You’ve now trained your body to cope in new ways. Ways that only someone who has ever experienced a great loss can begin to comprehend.
Grief can show up anytime. Feelings of loss can hit anyone. It isn’t just those expected big events, anniversaries, and memories that work that muscle, either. It shows up in a million little ways, as well. The memories that show up unannounced and barge right in on you when you’re in the middle of a speech and your voice breaks. The too-vivid dreams that wake you up feeling too-strong longing juxtaposed with a hint of thankfulness. The moment when you glance across the restaurant and see someone spooning sugar into their coffee in the exact same way as your lost loved one, and you drop your own spoon with a clatter. The child whose grin echoes another one that you haven’t seen in years and for a moment you can’t breathe. Overhearing someone calling their child by a nickname that your deceased parent used to affectionately refer to you, and your heart skips a beat. A million little ways that rip that flesh over and over and over again.

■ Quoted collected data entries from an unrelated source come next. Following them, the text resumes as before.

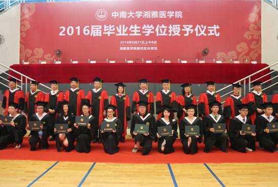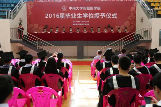 6月21日,谈球吧在湘雅校区体育馆隆重举行2016届毕业生学位授予仪式。中南大学党委常务副书记、湘雅医学院院长陶立坚,湘雅医学院全体院领导,基础医学院、附属医院及各系负责人参加学位授予仪式,湘雅医学院党委书记张步新主持仪式。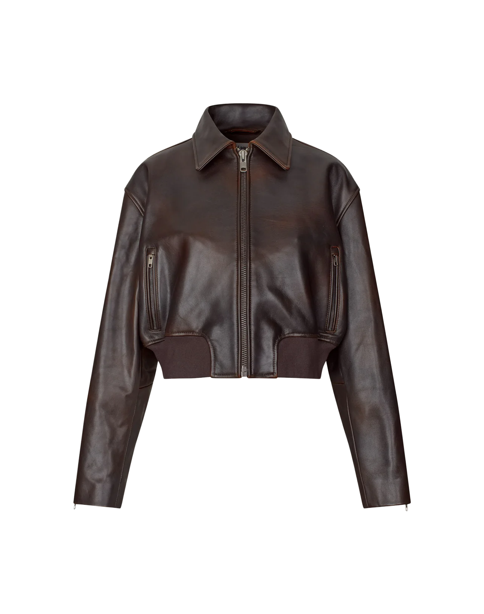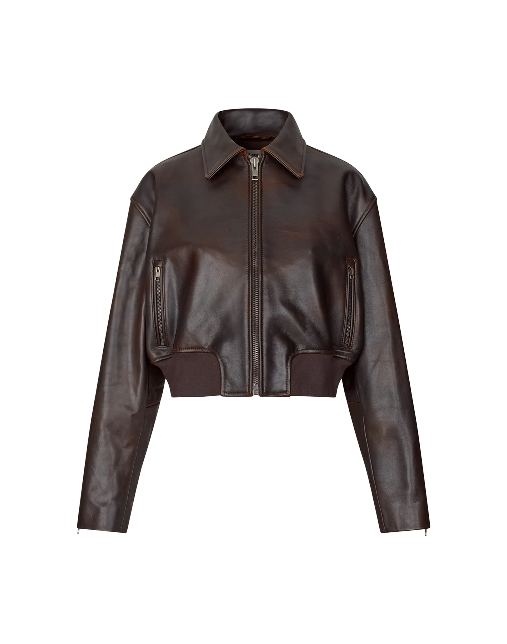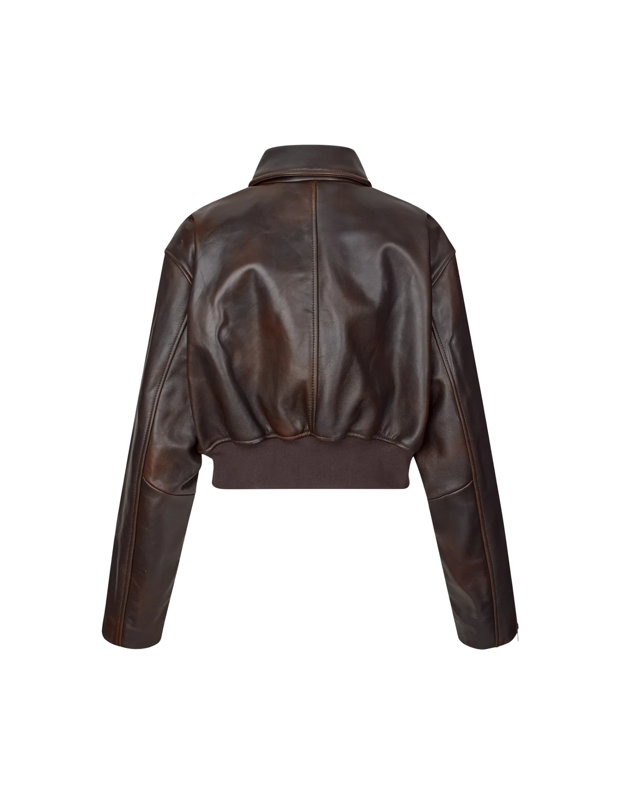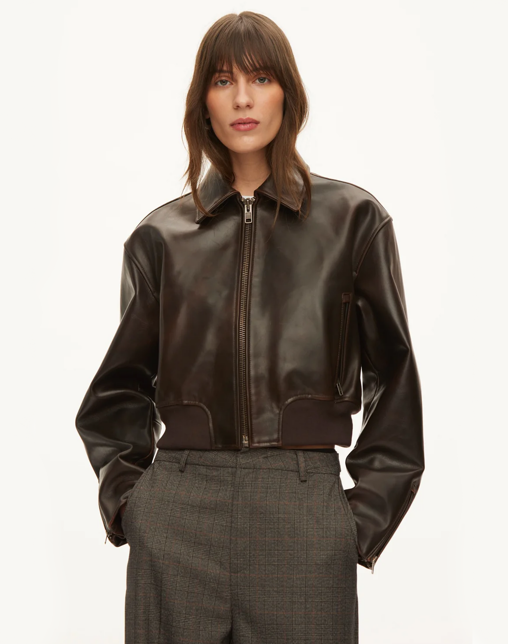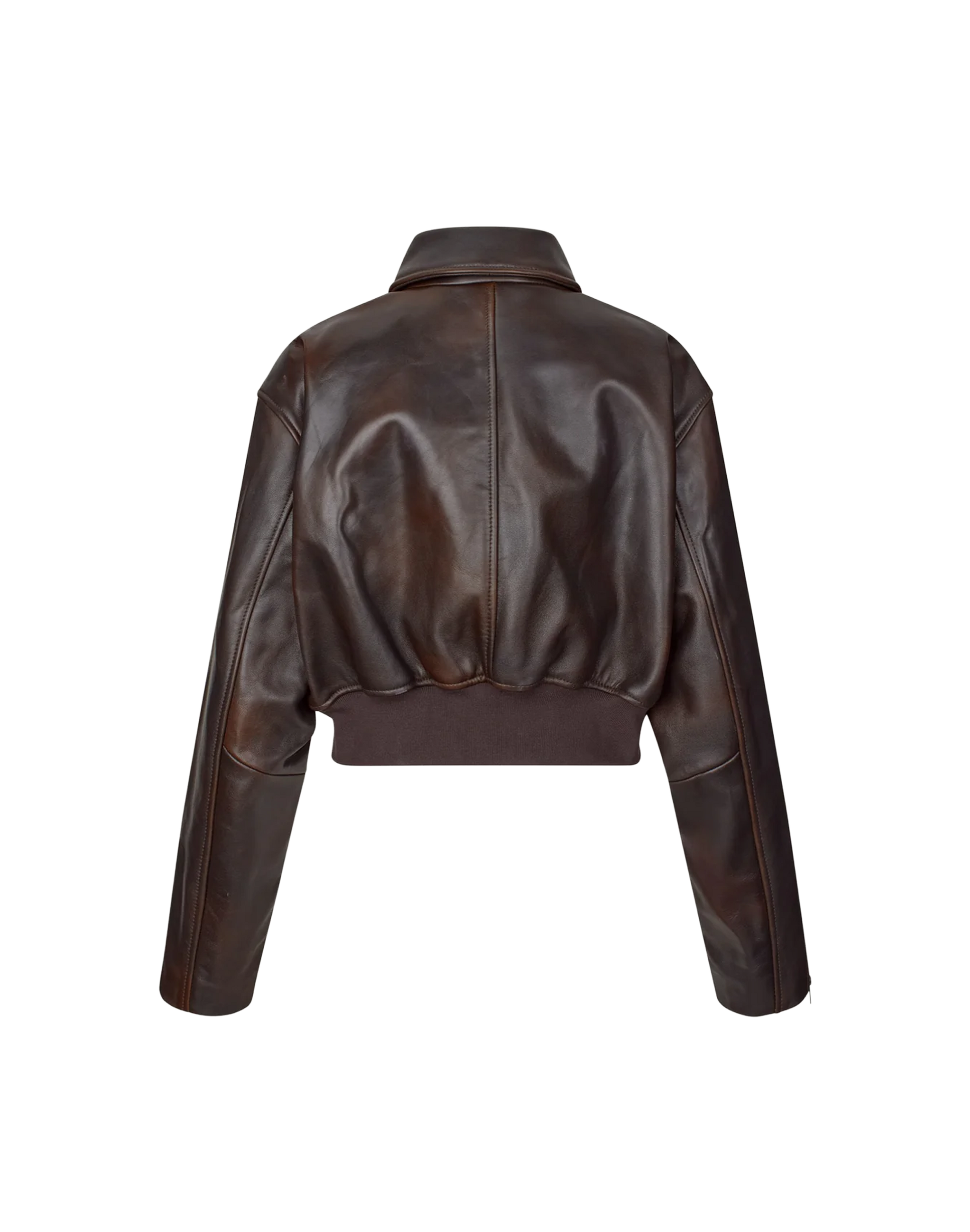 Cropped Bomberjacke aus hochwertigem Lammleder mit dezentem, burnished Finish. Das Modell überzeugt mit einer verkürzten, boxy Silhouette und überschnittenen Schultern für einen modernen, coolen Look. Ausgestattet mit Kragen, durchgehendem Metallreißverschluss, Reißverschluss-Leistentaschen, Zip-Bündchen an den Ärmeln und einem breiten Rippstrickbund. Eine moderne Lederjacke mit klarer Attitüde und zeitlosem Design.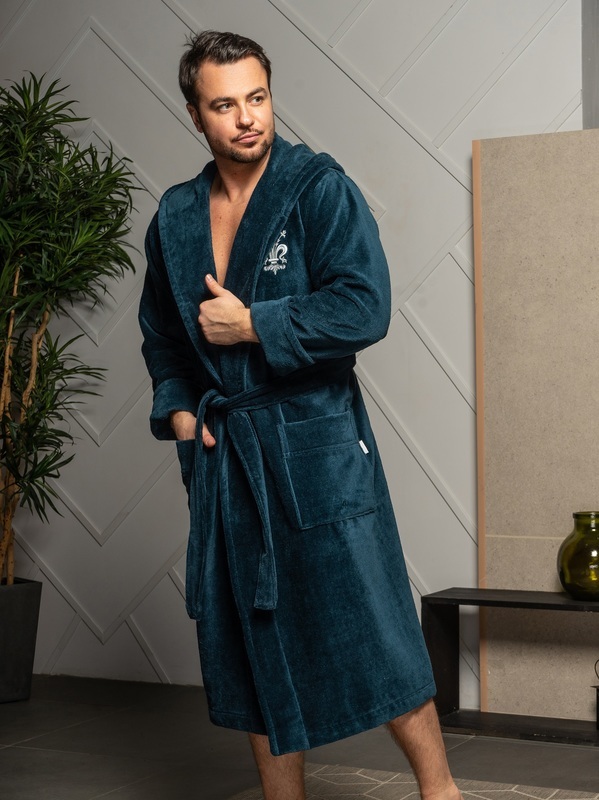 Мужской махровый халат с капюшоном (100% хлопок) "LOUIS", Морская волна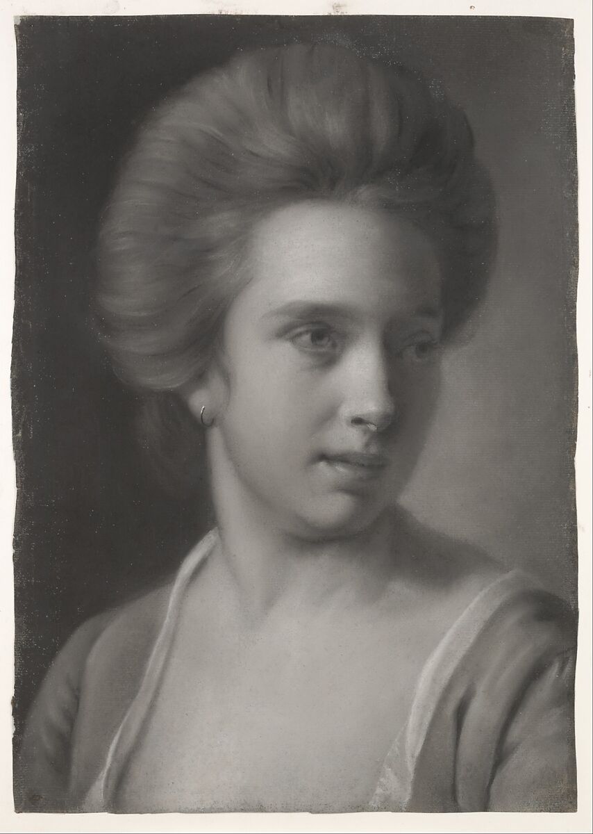 One of the most inventive artists of his generation, Wright sent striking night images of contemporary subjects to London from his home in Derby. This drawing belongs to a group of pastel and chalk head studies he made before departing for Italy in 1773. While the work demonstrates a masterful ability to capture a likeness, it has not been linked to a known sitter. Indeed, the open-necked gown and averted gaze suggest a character head rather than a portrait. Delicacy of touch and astonishing control of grisaille pastel allowed the artist to depict subtle transitions of light and varying textures. Careful finish is married to an impression of arrested movement, with strong raking light conveying a palpable sense of physical presence.
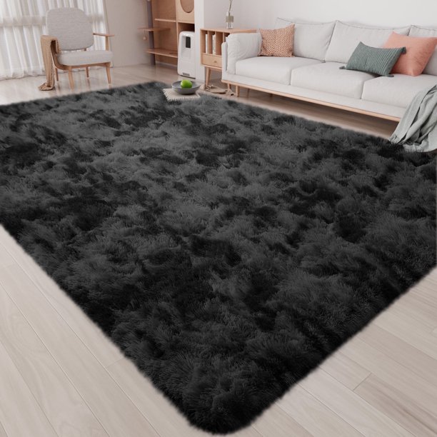 CozyDesg 9ft x 12ft Area Rugs, Soft Fluffy Area Rugs Floor Mat Floor Rugs for Living Room Bedroom Modern Decor Carpet,Black Gray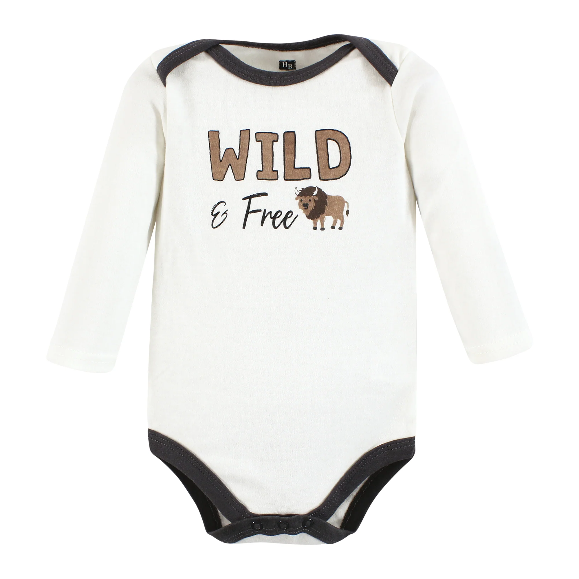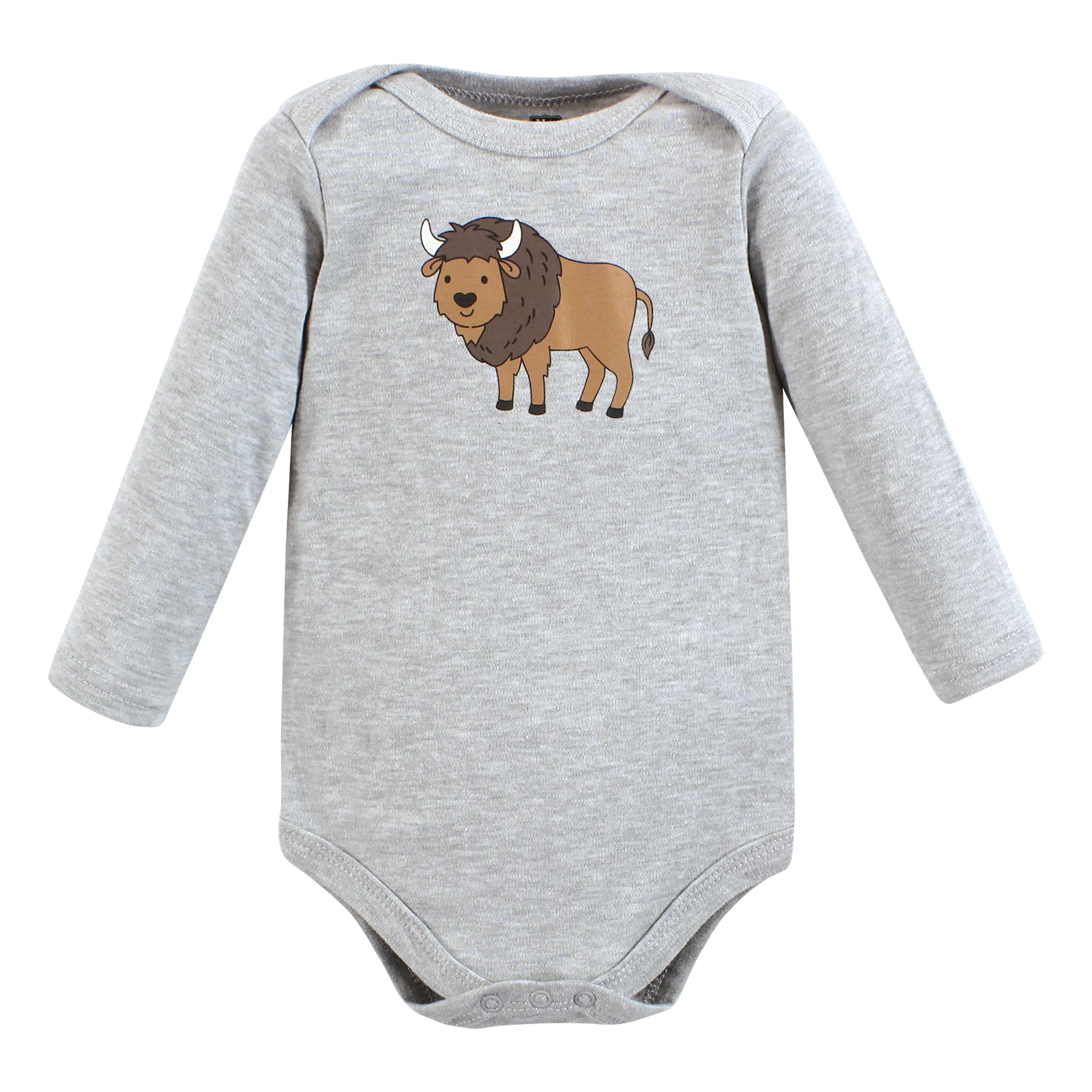 Hudson Baby Infant Boy Cotton Long-Sleeve Bodysuits, Wild Buffalo 7-Pack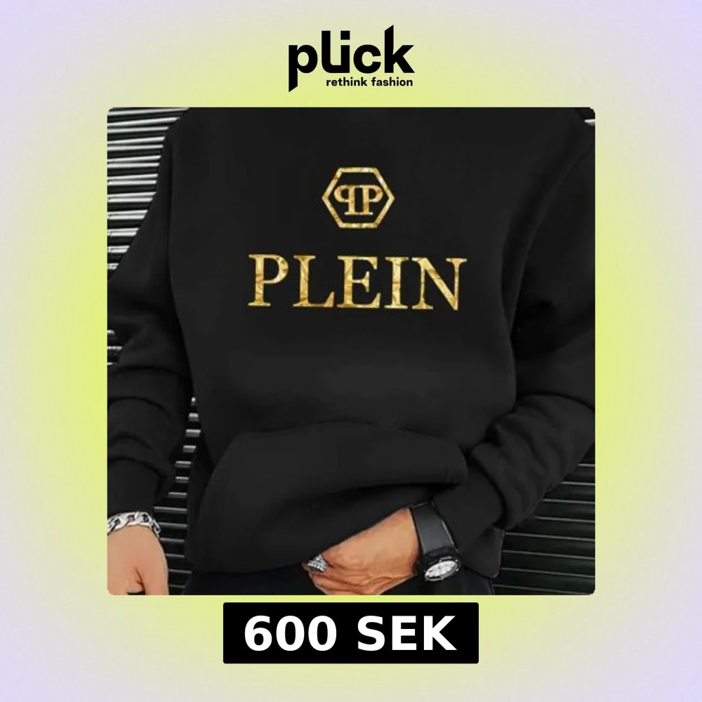 Snygg svart hoodie från Plein med guldfärgad logga på bröstet. Perfekt för en stilren look med en touch av lyx. Den har en klassisk huva med dragsko och långa ärmar. Storlek L

Grief is personal. Loss is personal. Ultimately, it is us. It is me. It is you. You and your loved one. The best any of us can do for someone grieving is to listen and to be there, open arms. Your grief muscle is growing and growing, and you will need that support system and those understanding hearts around you – to hold you up when weak, to lend a hand when needed, to admire your strong muscles that you are building.